On Fri, 11 Dec 2015, Daniel Lezcano wrote:
On 12/10/2015 11:31 PM, Nicolas Pitre wrote:
On Thu, 10 Dec 2015, Daniel Lezcano wrote:
On 12/10/2015 06:16 PM, Nicolas Pitre wrote:
On Thu, 10 Dec 2015, Daniel Lezcano wrote:
+u32 stats_variance(struct stats *s) +{
- s32 mean = stats_mean(s);
- return s->n ? (s->sq_sum / s->n) - (mean * mean) : 0;
Here sq_sum is a u64 value. On 32-bit architectures you are not allowed to do a straight division with 64-bit dividends in the kernel. You have to use do_div(). The do_div() is there to make the division much less costly than the plain division where gcc promotes both the dividend and the divisor to 64 bits. Still, do_div() is still a very expensive operation when the divisor isn't constant.
Ah, ok. Will fix this.
Note that this is the reason why in my version of the IRQ stat code, I avoided all non constant divisions by factoring out the n term. Here you have:
sq_sum / n - mean * mean
where mean is obtained by:
sum / n
So by calling stats_variance() you pay the cost of two expensive divisions. If you call stats_mean() separately from higher level code (as you do in patch #3) then you add another division to the mix.

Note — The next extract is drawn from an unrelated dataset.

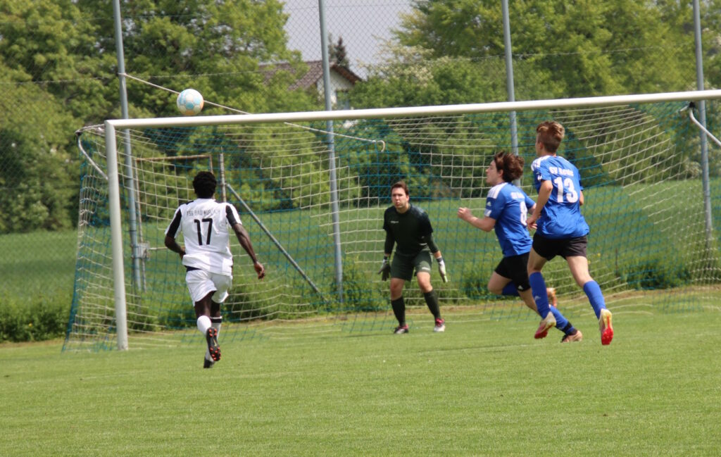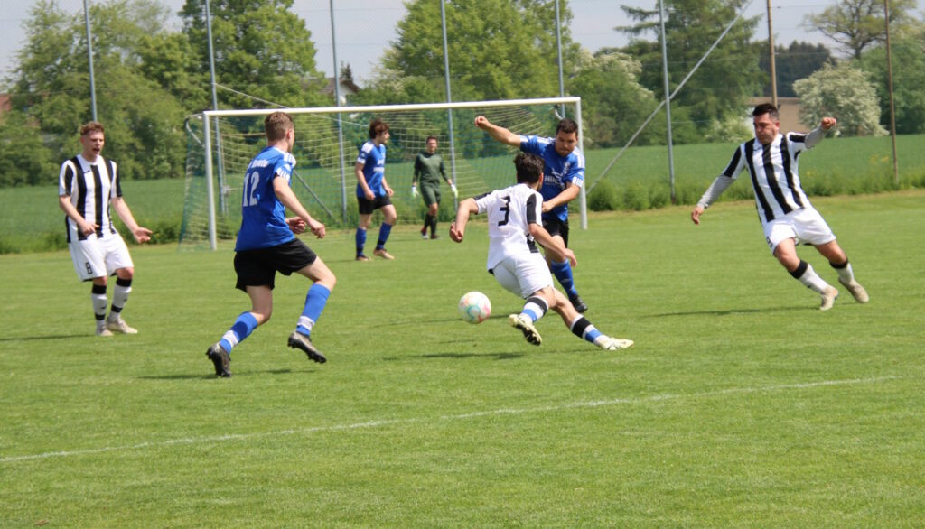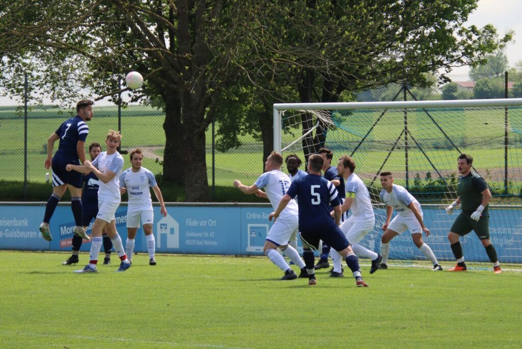 Die Gäste aus Bad Wurzach zeigten im Frühschoppenspiel am Vatertag schnell, warum sie deutlich an der Tabellenspitze stehen. Der Ball lief flüssig durch die gegnerischen Reihen und die Reutener hatte vor allem Defensivaufgaben gegen die starke Offensive zu erledigen. Das machten die Gastgeber gut zwanzig Minuten lang auch recht ordentlich, ehe dann aber Matthias Müller am langen Pfosten mit seinem 31.Saisontor zur Gästeführung abstauben konnte.

One reason I didn't use a library abstraction in my own implementation is because I wanted to have n always be a constant for such divisions (plain or do_div() style) so that gcc could optimize them with reciprocal multiplications at compile time. And some other divisions were factored out and postponed to the end, etc.
Ok, if n is constant and I define it as a 2^x value, bits shifting will be much more efficient than an optimized division, right ?
Absolutely. And you don't have to shift values manually as gcc is smart enough to do it on its own.
Nicolas